* **Brief**
Keep each entry exactly as written when you repeat it, and skip the images.

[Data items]
== == ==
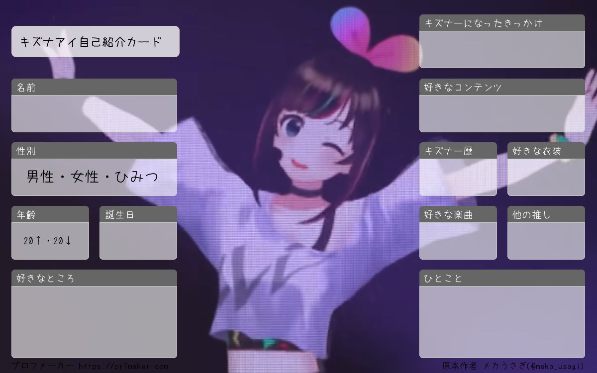キズナアイ自己紹介カードを作る事が出来ます。
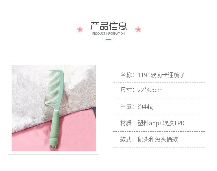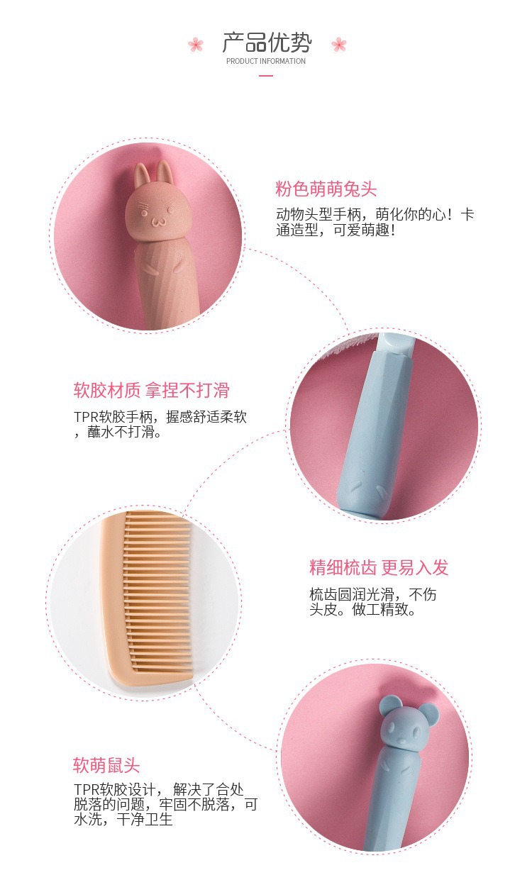 かわいい柔らかいシリコン製漫画風うさぎのヘアブラシ、女の子向け、インスタ映え、寮用、実用的なマッサージ、卸売、ヘアケア
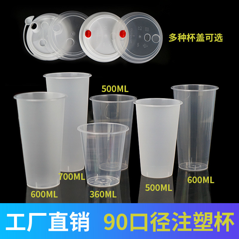 業務用ミルクティーカップ使い捨て500ml 700cフロスト射出成形カップ90口径がきれいで、蓋なし600
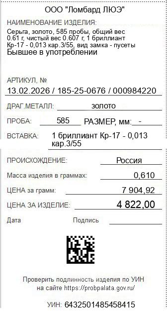 Цена за грамм общего веса: 7904.92Цена за грамм чистого веса: 7943.99Организация: ООО "Ломбард ЛЮЭ"Металл: золотоПроба: 585Артикул: 13.02.2026 / 185-25-0676 / 000984220Базовая единица: шт
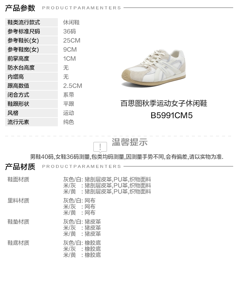 | 色系:米色 | 跟高数值:2.5CM | 性别:女子 | 里料材质:网布 | 制鞋工艺:胶贴皮鞋 |
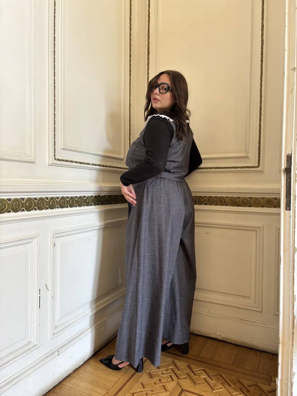 Descripcion: Maxipalazzo con pinzas encontradas en el delantero y elastico en la cintuta trasera. Hace conjunto con el chaleco cuadrille.
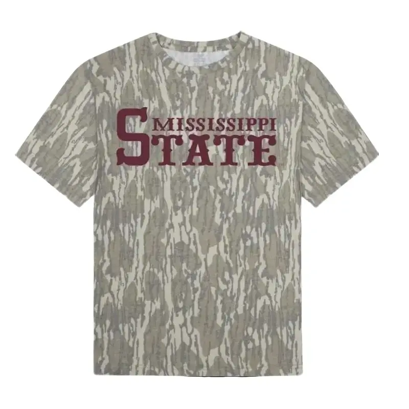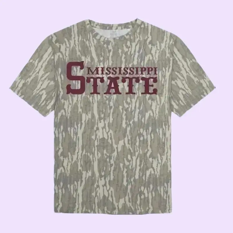 Mississippi State Mossy Oak Tree Short Sleeve Tee - Camo Pattern Unisex Casual T-Shirt with White Logo & Stretch Material, 3D Camo T-Shirt, 3D Camo Style T-Shirt, 3D Camo Shirt
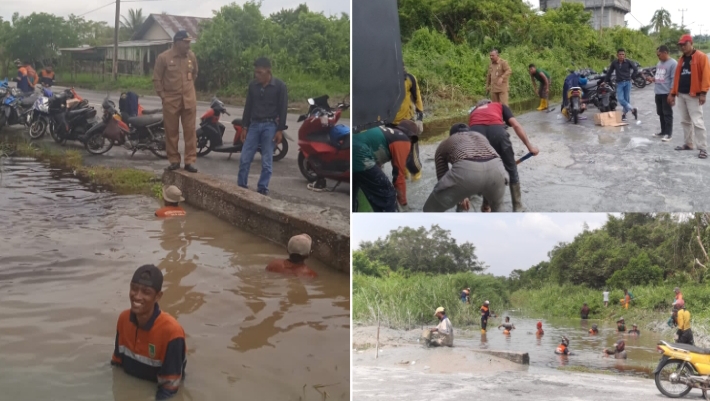 " Genangan air disini cukup dalam, kerena terjadi penangkalan akibat air pasang, dan air hujan yang turun cukup deras sehingga mengakibatkan banjir. Dan untuk mengatasi itu, kami dari Dlh Rohil saat ini menurunkan Satgas lebih kurang 60 orang," Kata Suwandi.
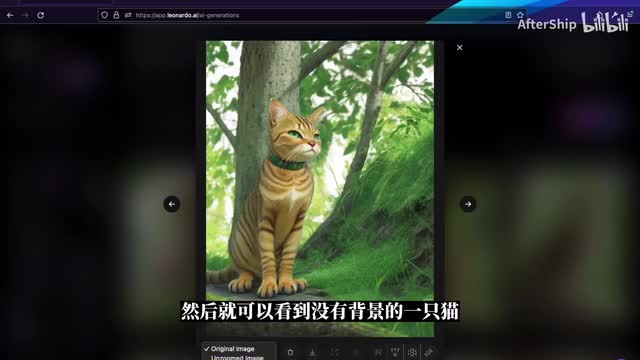 接下来这个是背景移除工具。如果我们不想要图片的背景,只是想要这只猫,我们可以用这个工具。那背景移除成功之后呢,我们可以点击左侧的下拉框,然后就可以看到没有背景的一只猫。右边这三个功能都是跟放大一点,如果一个功能它是只针对付费用户开放。所以免费用户只能用后面这几个。
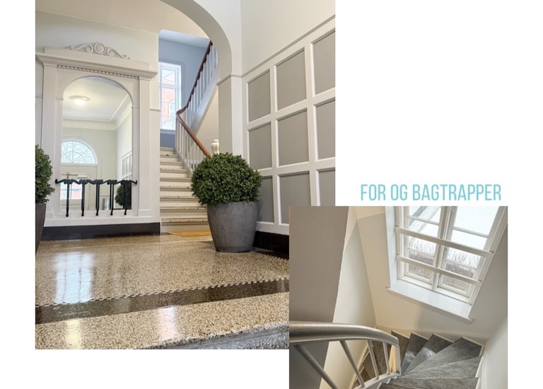 Trappevask, hovedrengøring, kontorrengøring, vinduespolering, udendørs renhold, affaldshåndtering, flytterengøring og løbende vedligehold
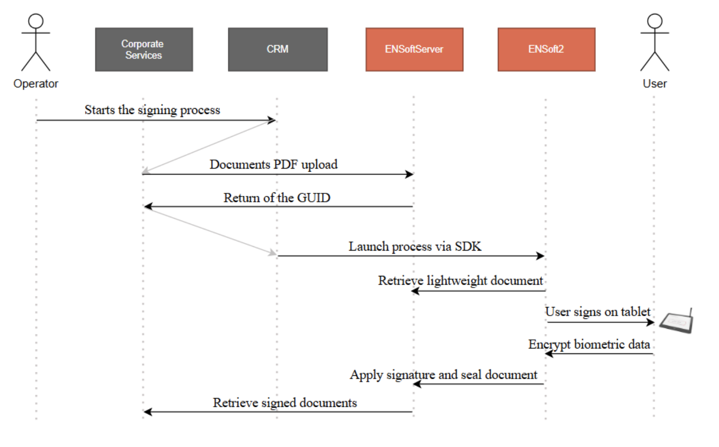 - Corporate frontend calls ENSoft2 via SDK to start the signing process.
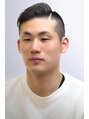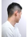男らしくキリっと分け目!七三男子で好感度アップ!サイド~バックを2ミリのバリカンを使いモヒカンラインで刈上げ、毛先を中心に削ぎを入れてカット。分け目にラインを入れる。
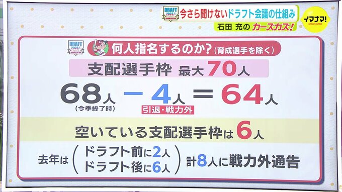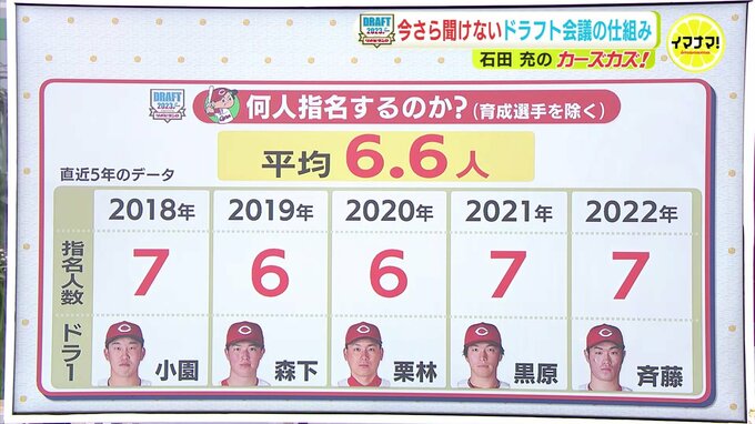 ただ、去年は7人指名した後に6人、戦力外がありました。指名する選手の人数によって、その後、首脳陣はいろいろ選手の構成を考えるということになるんです。ことし、どれぐらいの選手を何人取るのかというのもいろいろ想像しながら見ていただきたいと思います。
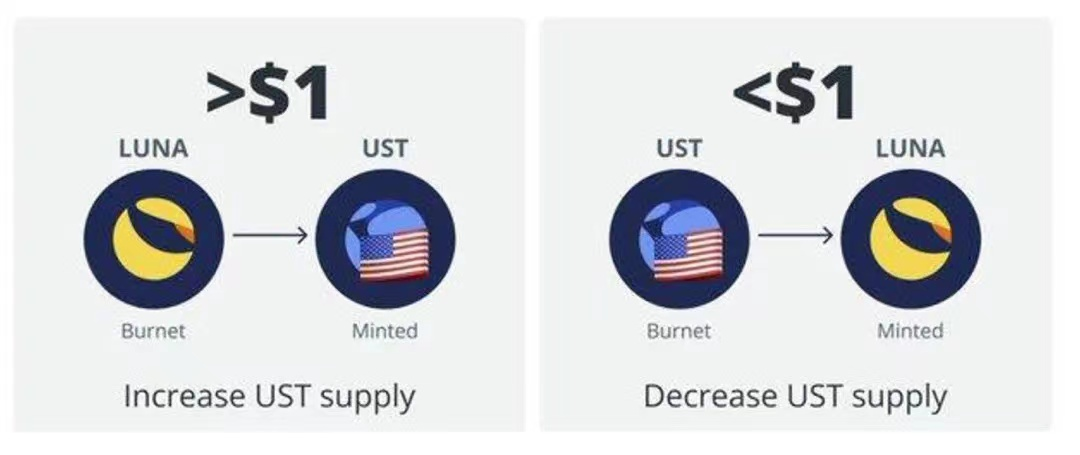 2. UST和Luna是“雙向銷毀鑄造”的關係。意思是,當你在用Luna換UST時,市場上就少了一美元的Luna多了一個UST,當用UST換Luna時,市場上就少了一個UST。
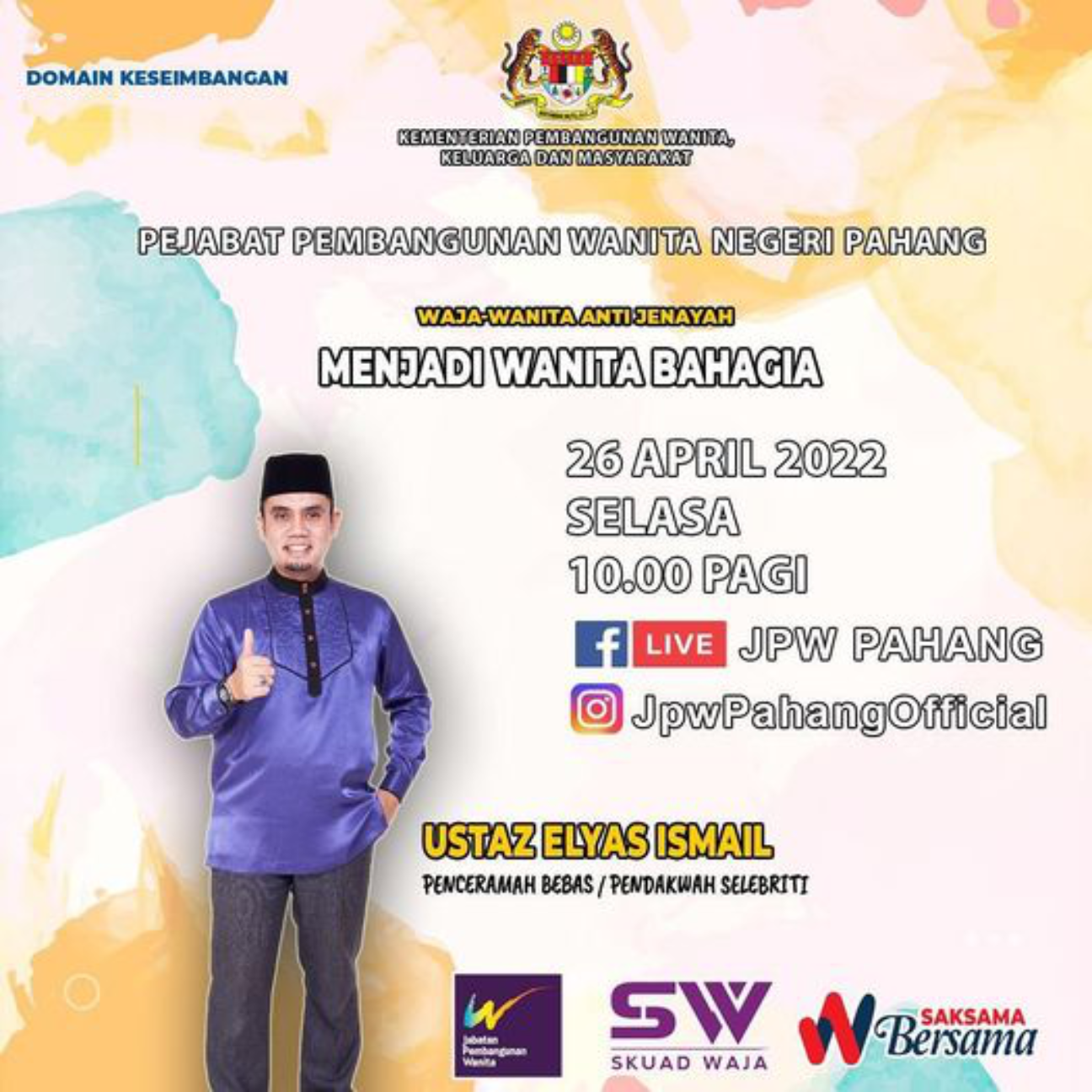 Pejabat Pembangunan Wanita Negeri Pahang akan mengadakan Program di bawah *Domain Keseimbangan : Wanita Anti Jenayah* secara atas talian seperti berikut:
== == ==
* **Exercise response**
キズナアイ自己紹介カードを作る事が出来ます。
 かわいい柔らかいシリコン製漫画風うさぎのヘアブラシ、女の子向け、インスタ映え、寮用、実用的なマッサージ、卸売、ヘアケア
 業務用ミルクティーカップ使い捨て500ml 700cフロスト射出成形カップ90口径がきれいで、蓋なし600
 Цена за грамм общего веса: 7904.92Цена за грамм чистого веса: 7943.99Организация: ООО "Ломбард ЛЮЭ"Металл: золотоПроба: 585Артикул: 13.02.2026 / 185-25-0676 / 000984220Базовая единица: шт
 | 色系:米色 | 跟高数值:2.5CM | 性别:女子 | 里料材质:网布 | 制鞋工艺:胶贴皮鞋 |
 Descripcion: Maxipalazzo con pinzas encontradas en el delantero y elastico en la cintuta trasera. Hace conjunto con el chaleco cuadrille.
 Mississippi State Mossy Oak Tree Short Sleeve Tee - Camo Pattern Unisex Casual T-Shirt with White Logo & Stretch Material, 3D Camo T-Shirt, 3D Camo Style T-Shirt, 3D Camo Shirt
 " Genangan air disini cukup dalam, kerena terjadi penangkalan akibat air pasang, dan air hujan yang turun cukup deras sehingga mengakibatkan banjir. Dan untuk mengatasi itu, kami dari Dlh Rohil saat ini menurunkan Satgas lebih kurang 60 orang," Kata Suwandi.
 接下来这个是背景移除工具。如果我们不想要图片的背景,只是想要这只猫,我们可以用这个工具。那背景移除成功之后呢,我们可以点击左侧的下拉框,然后就可以看到没有背景的一只猫。右边这三个功能都是跟放大一点,如果一个功能它是只针对付费用户开放。所以免费用户只能用后面这几个。
 Trappevask, hovedrengøring, kontorrengøring, vinduespolering, udendørs renhold, affaldshåndtering, flytterengøring og løbende vedligehold
 - Corporate frontend calls ENSoft2 via SDK to start the signing process.
男らしくキリっと分け目!七三男子で好感度アップ!サイド~バックを2ミリのバリカンを使いモヒカンラインで刈上げ、毛先を中心に削ぎを入れてカット。分け目にラインを入れる。
 ただ、去年は7人指名した後に6人、戦力外がありました。指名する選手の人数によって、その後、首脳陣はいろいろ選手の構成を考えるということになるんです。ことし、どれぐらいの選手を何人取るのかというのもいろいろ想像しながら見ていただきたいと思います。
 2. UST和Luna是“雙向銷毀鑄造”的關係。意思是,當你在用Luna換UST時,市場上就少了一美元的Luna多了一個UST,當用UST換Luna時,市場上就少了一個UST。
 Pejabat Pembangunan Wanita Negeri Pahang akan mengadakan Program di bawah *Domain Keseimbangan : Wanita Anti Jenayah* secara atas talian seperti berikut:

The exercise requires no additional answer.